Exercise - Repeat word for word the lines from the top of the records through the line containing "George was born", and skip the pictures.

□ □ □ □

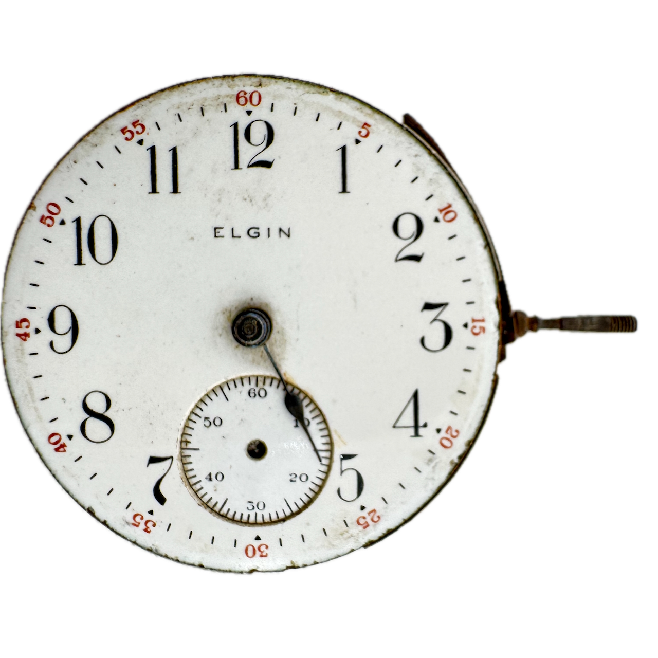 Antique 0s 1912 Elgin 7 Jewel Mechanical Hunter Pocket Watch Movement 320 USA Product Description Item: Pocket Watch Movement Brand: Elgin Movement: Mechanical Production Year: 1912 Country: USA Jewels: 7 Jewel Gender: Men's Grade: 320 Size: 0s Product Measurements Diameter: 29.5mm Product Condition Overall Condition: Poor, overall condition for its age. Functions: Not running but the balance complete is in good condition. Dial: The dial has hairline crack(s) on it. Hands: It is missing minute and second hand. There is discoloration on the hands.
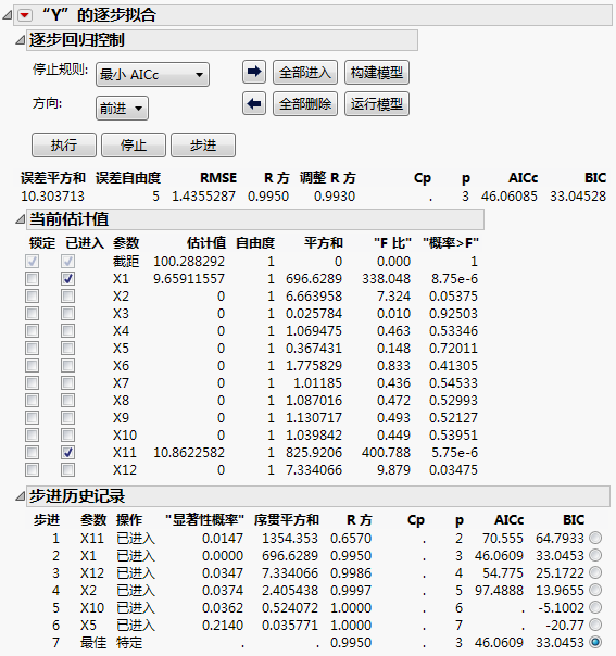 逐步回归是另一种标识活跃因子的方式。图 5.16中的设计表包含三个脚本。“模型”脚本使用“拟合模型”平台中的逐步回归分析数据。
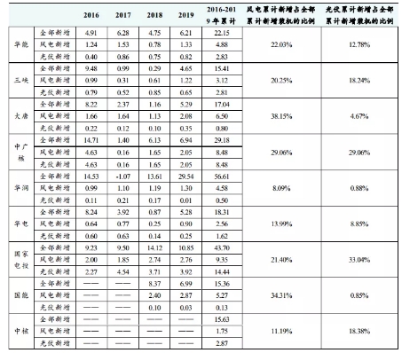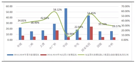 九大電力央企集團2016-2019風(fēng)電和光伏新增裝機情況(GW,%)
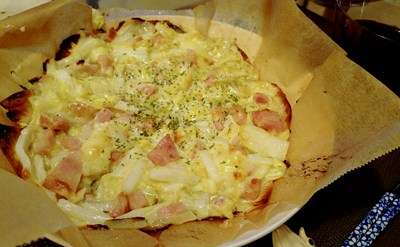 もう一品は、ベーコン&白菜を練りこみました餃子の皮を用いたピザ風でして。
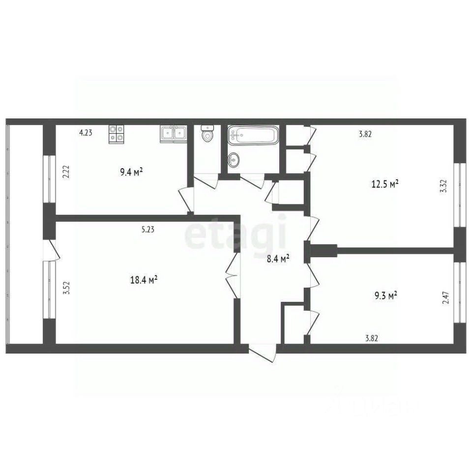 Квартира расположена на третьем этаже трехэтажного дома общей площадью 64 кв.м., жилая - 41 кв.м. и кухня 9.4 кв.м. + огромная лоджия.
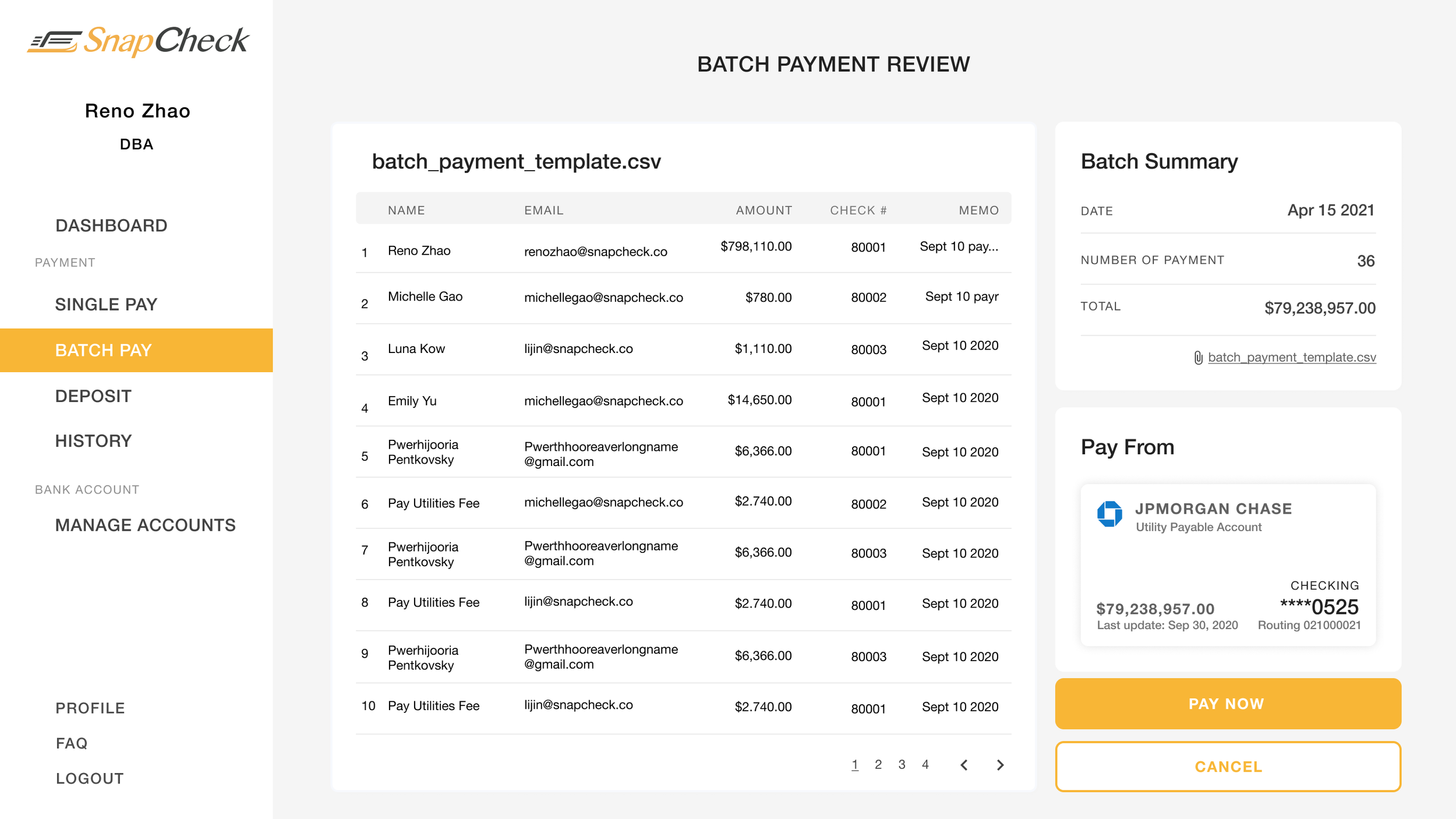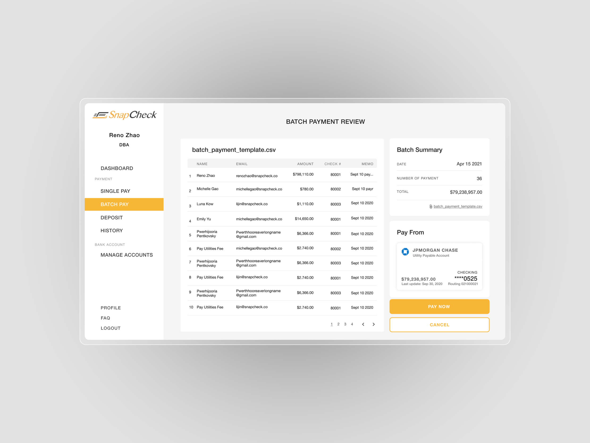 I led the design of SnapCheck's Batch Payments experience for SME (Small & Medium-sized Enterprise) users, with a focus on delivering a streamlined process for sending or preparing multiple payments at once. Our efforts resulted in a highly successful batch payment solution that led to a high adoption rate, accounting for 31.6% of the payments made by business accounts.
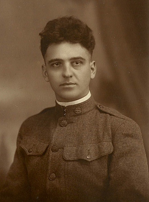George was born on Nov. 28, 1893 in Cambria County, PA. and later moved to Detroit, MI. This photo shows him wearing the collar disc of the Machine Gun Company, 339th Infantry Regiment, but records indicate that he was assigned to Company F of the 339th. (click here to enlarge photo). |
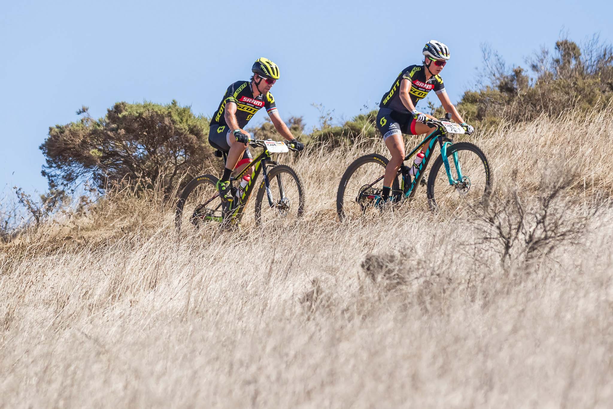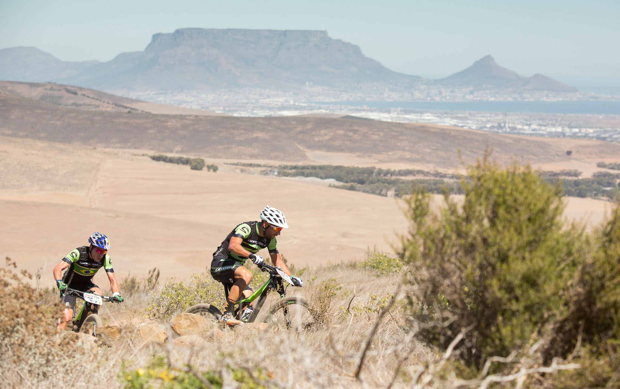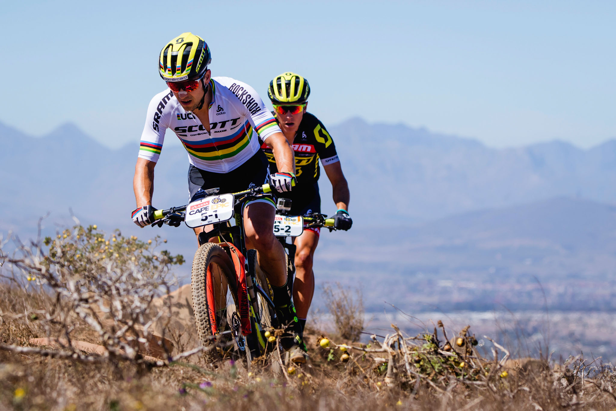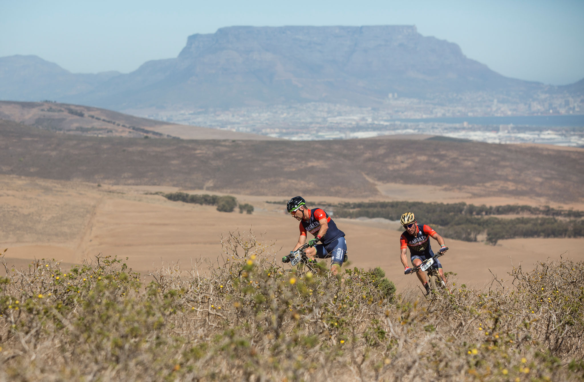En 2016, l’Allemand Manuel Fumic et le Brésilien Henrique Avancini remportaient l’étape finale du Cape Epic. Les deux hommes jouent la continuité en s’imposant aujourd’hui sur le prologue, avec un grand sourire communicatif ! Il n’aura fallu aux représentants du team Cannondale Factory Racing XC que 1h, 1 minute et 52 secondes pour boucler les 26km de l’étape. Du côté de chez Bulls, les tenants du titre finissent à la 6ème position, avec 3 minutes et 23 secondes de retard.
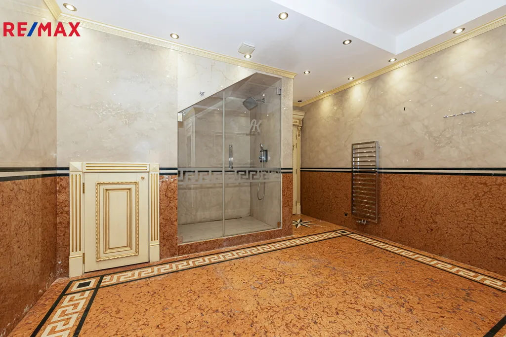 Dům disponuje velmi příjemným mikroklimatem díky podlahovému vytápění. V přízemí jsou podlahy z italského mramoru, interiér je vybaven kvalitním italským nábytkem a ručně vyráběnými dveřmi. V ložnicích jsou podlahy z masivního přírodního dřeva a luxusní povrchová úprava stěn z hedvábné tkaniny.
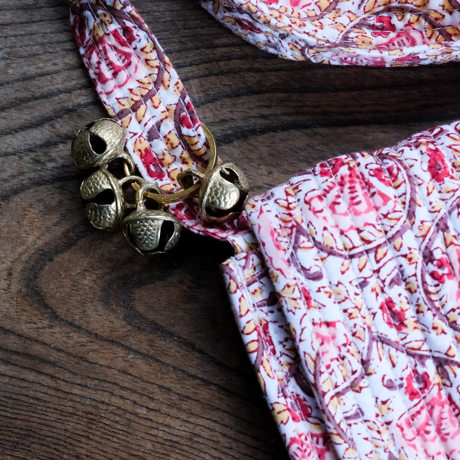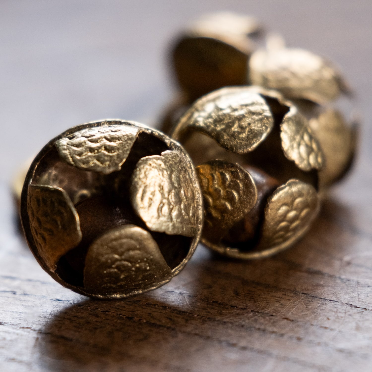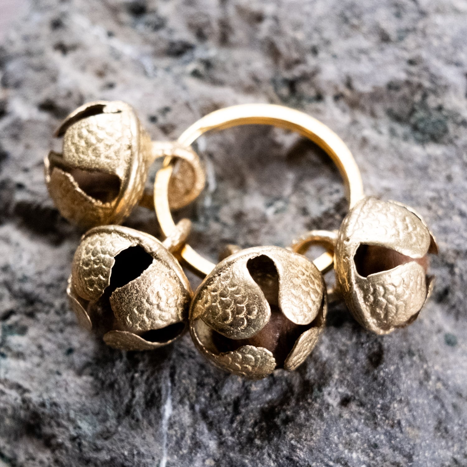 インド独特のブラス製の小さな鈴「グングル」。紐にたくさん並べたものを脚に巻き付けてリズム楽器としたり、バッグなどの装飾に使われたりさまざまな使い方をされています。こちらはそんなグングルをキーリングにアレンジしたもの。
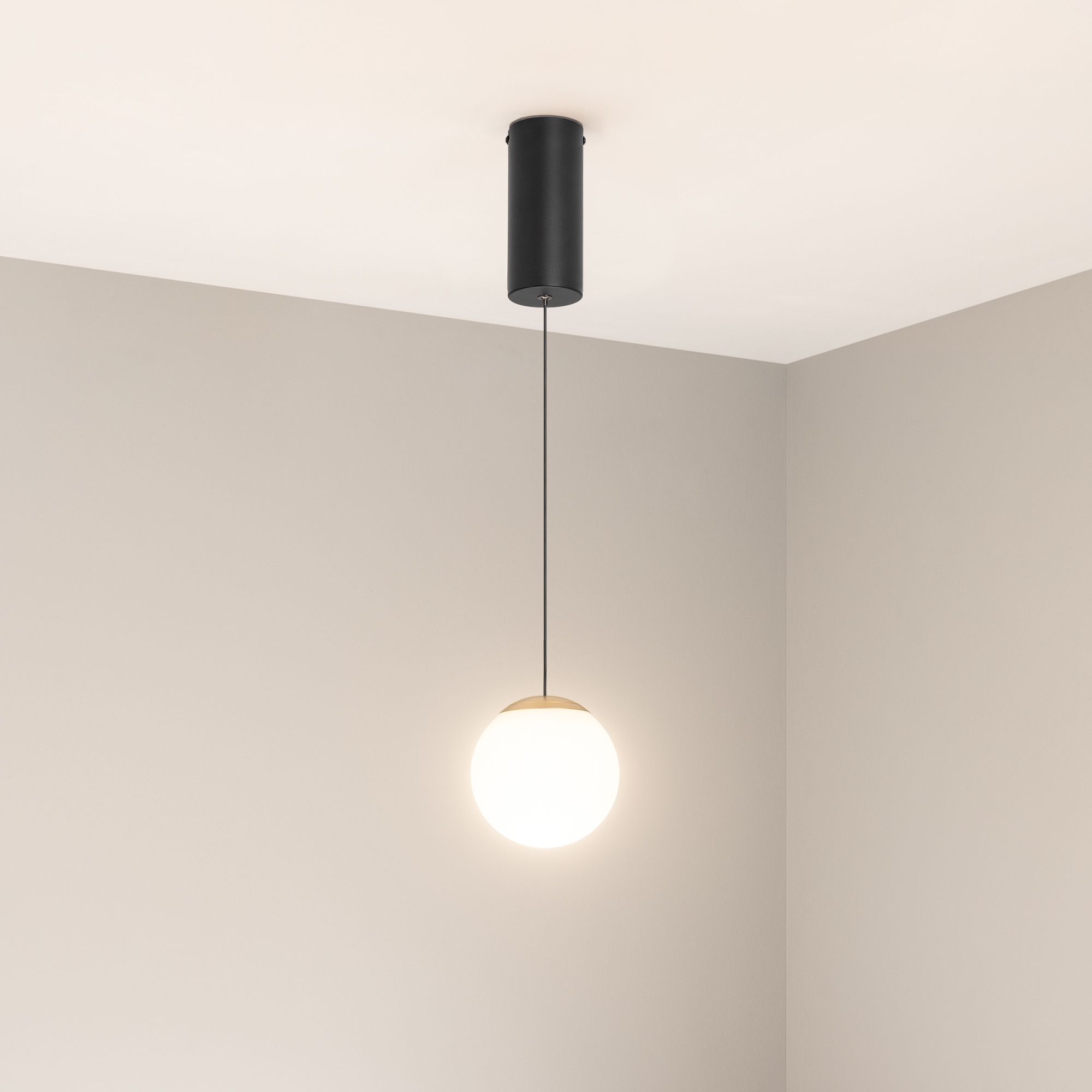 Декоративный подвесной светильник мощностью 10 Вт с дневным белым цветом свечения (4000 К). Дизайн светильника напоминает изящное украшение с жемчугом. Черный корпус с золотой вставкой на регулируемом подвесе длиной 1350 мм. Диаметр светового модуля 130 мм. Высокий индекс цветопередачи (CRI>90) и световой поток 720 лм для качественного декоративного освещения. Минимальный коэффициент пульсации (менее 1%) гарантирует зрительный комфорт. Драйвер в комплекте для подключения к сети 230 В.
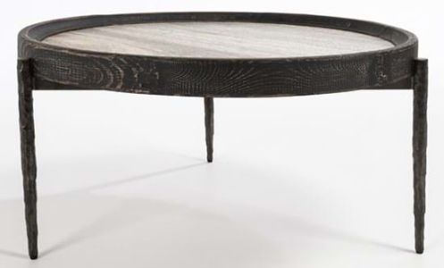 This coffee table features a disc of travertine within a reclaimed wood frame. Hammered metal legs add an industrial element to the look. Showcasing the natural variations and patterns of wood and stone, this piece brings rugged beauty to any space.Read More

□ □ □ □

Answer box -
 Antique 0s 1912 Elgin 7 Jewel Mechanical Hunter Pocket Watch Movement 320 USA Product Description Item: Pocket Watch Movement Brand: Elgin Movement: Mechanical Production Year: 1912 Country: USA Jewels: 7 Jewel Gender: Men's Grade: 320 Size: 0s Product Measurements Diameter: 29.5mm Product Condition Overall Condition: Poor, overall condition for its age. Functions: Not running but the balance complete is in good condition. Dial: The dial has hairline crack(s) on it. Hands: It is missing minute and second hand. There is discoloration on the hands.
 逐步回归是另一种标识活跃因子的方式。图 5.16中的设计表包含三个脚本。“模型”脚本使用“拟合模型”平台中的逐步回归分析数据。
 九大電力央企集團2016-2019風(fēng)電和光伏新增裝機情況(GW,%)
 もう一品は、ベーコン&白菜を練りこみました餃子の皮を用いたピザ風でして。
 Квартира расположена на третьем этаже трехэтажного дома общей площадью 64 кв.м., жилая - 41 кв.м. и кухня 9.4 кв.м. + огромная лоджия.
 I led the design of SnapCheck's Batch Payments experience for SME (Small & Medium-sized Enterprise) users, with a focus on delivering a streamlined process for sending or preparing multiple payments at once. Our efforts resulted in a highly successful batch payment solution that led to a high adoption rate, accounting for 31.6% of the payments made by business accounts.
George was born on Nov. 28, 1893 in Cambria County, PA. and later moved to Detroit, MI. This photo shows him wearing the collar disc of the Machine Gun Company, 339th Infantry Regiment, but records indicate that he was assigned to Company F of the 339th. (click here to enlarge photo). |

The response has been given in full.